Extracted material:

+ + +

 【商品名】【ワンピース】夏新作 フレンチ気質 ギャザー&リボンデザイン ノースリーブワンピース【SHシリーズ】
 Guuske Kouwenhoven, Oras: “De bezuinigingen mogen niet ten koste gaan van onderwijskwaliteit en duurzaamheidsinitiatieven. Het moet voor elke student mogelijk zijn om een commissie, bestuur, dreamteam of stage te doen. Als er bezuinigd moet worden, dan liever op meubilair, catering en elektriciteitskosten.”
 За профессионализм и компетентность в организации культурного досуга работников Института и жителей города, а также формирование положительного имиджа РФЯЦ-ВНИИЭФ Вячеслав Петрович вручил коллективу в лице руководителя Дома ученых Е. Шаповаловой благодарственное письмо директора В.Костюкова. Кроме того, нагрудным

+ + +

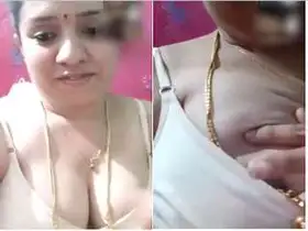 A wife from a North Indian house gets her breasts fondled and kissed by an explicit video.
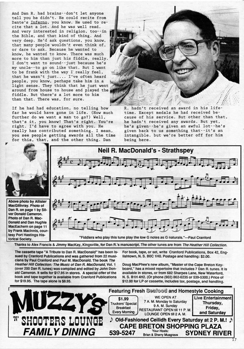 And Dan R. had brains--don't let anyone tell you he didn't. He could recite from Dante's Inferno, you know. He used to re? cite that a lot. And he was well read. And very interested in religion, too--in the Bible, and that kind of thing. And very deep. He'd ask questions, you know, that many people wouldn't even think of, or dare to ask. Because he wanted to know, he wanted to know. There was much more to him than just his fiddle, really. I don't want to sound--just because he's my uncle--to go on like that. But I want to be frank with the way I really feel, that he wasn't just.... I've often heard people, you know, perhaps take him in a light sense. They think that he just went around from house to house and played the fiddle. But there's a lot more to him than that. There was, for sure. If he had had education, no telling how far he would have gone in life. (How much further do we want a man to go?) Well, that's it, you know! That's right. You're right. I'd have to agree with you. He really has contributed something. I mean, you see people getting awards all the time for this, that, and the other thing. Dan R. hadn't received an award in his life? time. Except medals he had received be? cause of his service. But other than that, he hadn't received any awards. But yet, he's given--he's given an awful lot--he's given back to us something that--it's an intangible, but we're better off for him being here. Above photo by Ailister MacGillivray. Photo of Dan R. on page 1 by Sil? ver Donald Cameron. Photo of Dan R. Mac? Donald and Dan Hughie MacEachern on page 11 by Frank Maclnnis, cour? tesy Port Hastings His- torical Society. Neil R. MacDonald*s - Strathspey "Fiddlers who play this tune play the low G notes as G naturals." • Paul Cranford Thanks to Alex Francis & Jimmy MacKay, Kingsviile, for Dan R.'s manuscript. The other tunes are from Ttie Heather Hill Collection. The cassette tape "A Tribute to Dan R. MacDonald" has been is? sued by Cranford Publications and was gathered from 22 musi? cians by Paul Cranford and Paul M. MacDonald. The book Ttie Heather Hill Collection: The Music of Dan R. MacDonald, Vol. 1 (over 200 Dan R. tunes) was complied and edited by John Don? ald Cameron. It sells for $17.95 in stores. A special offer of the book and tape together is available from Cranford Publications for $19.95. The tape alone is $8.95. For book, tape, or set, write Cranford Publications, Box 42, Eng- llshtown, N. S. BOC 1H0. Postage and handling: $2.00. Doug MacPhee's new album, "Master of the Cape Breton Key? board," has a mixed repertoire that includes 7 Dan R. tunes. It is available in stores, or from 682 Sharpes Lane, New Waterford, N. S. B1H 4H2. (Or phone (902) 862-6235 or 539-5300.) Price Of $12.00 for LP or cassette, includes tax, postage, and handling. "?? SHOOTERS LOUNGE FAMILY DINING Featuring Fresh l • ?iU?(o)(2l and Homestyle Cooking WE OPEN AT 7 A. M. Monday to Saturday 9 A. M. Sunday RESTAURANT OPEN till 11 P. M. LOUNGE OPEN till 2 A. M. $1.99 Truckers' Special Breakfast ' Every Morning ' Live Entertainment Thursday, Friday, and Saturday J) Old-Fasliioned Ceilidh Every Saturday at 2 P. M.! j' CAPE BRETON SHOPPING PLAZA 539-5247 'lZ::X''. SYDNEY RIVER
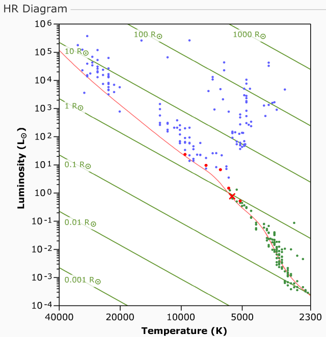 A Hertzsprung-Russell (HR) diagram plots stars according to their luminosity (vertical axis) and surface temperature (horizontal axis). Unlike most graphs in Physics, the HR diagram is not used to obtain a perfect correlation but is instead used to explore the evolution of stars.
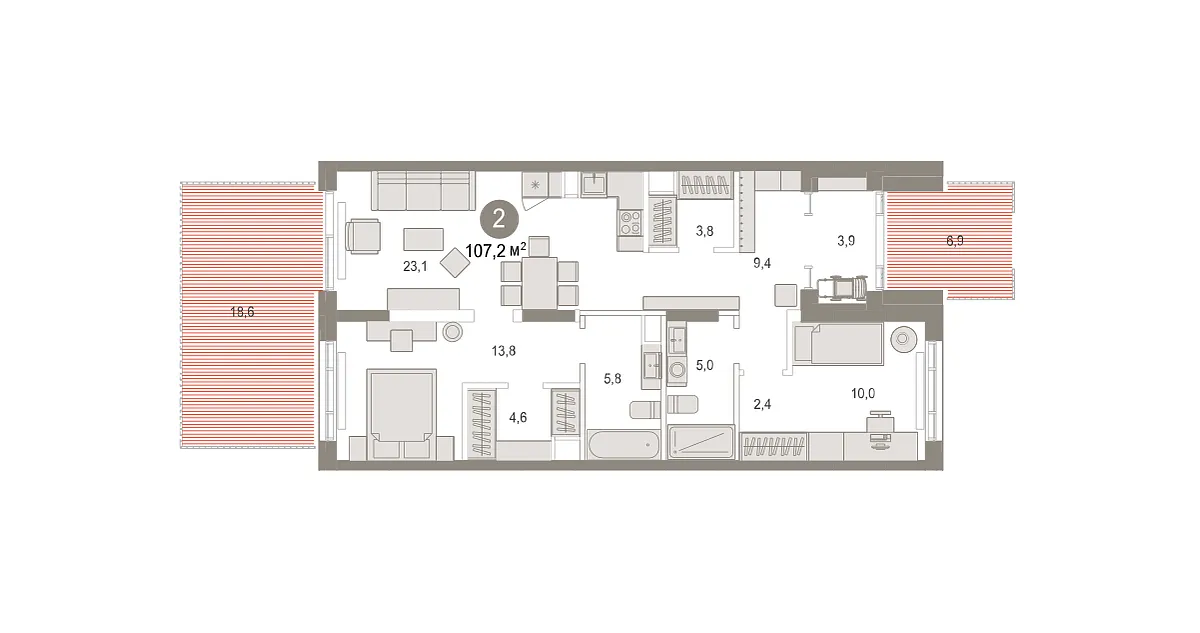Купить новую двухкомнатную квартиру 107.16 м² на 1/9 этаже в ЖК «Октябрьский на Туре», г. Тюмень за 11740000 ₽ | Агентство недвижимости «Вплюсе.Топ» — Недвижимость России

+ + +

Task details: The answer is the run of lines above from the line containing "bezuinigingen mogen niet" through the line containing "За профессионализм и", copied exactly and alone.

Output:
 Guuske Kouwenhoven, Oras: “De bezuinigingen mogen niet ten koste gaan van onderwijskwaliteit en duurzaamheidsinitiatieven. Het moet voor elke student mogelijk zijn om een commissie, bestuur, dreamteam of stage te doen. Als er bezuinigd moet worden, dan liever op meubilair, catering en elektriciteitskosten.”
 За профессионализм и компетентность в организации культурного досуга работников Института и жителей города, а также формирование положительного имиджа РФЯЦ-ВНИИЭФ Вячеслав Петрович вручил коллективу в лице руководителя Дома ученых Е. Шаповаловой благодарственное письмо директора В.Костюкова. Кроме того, нагрудным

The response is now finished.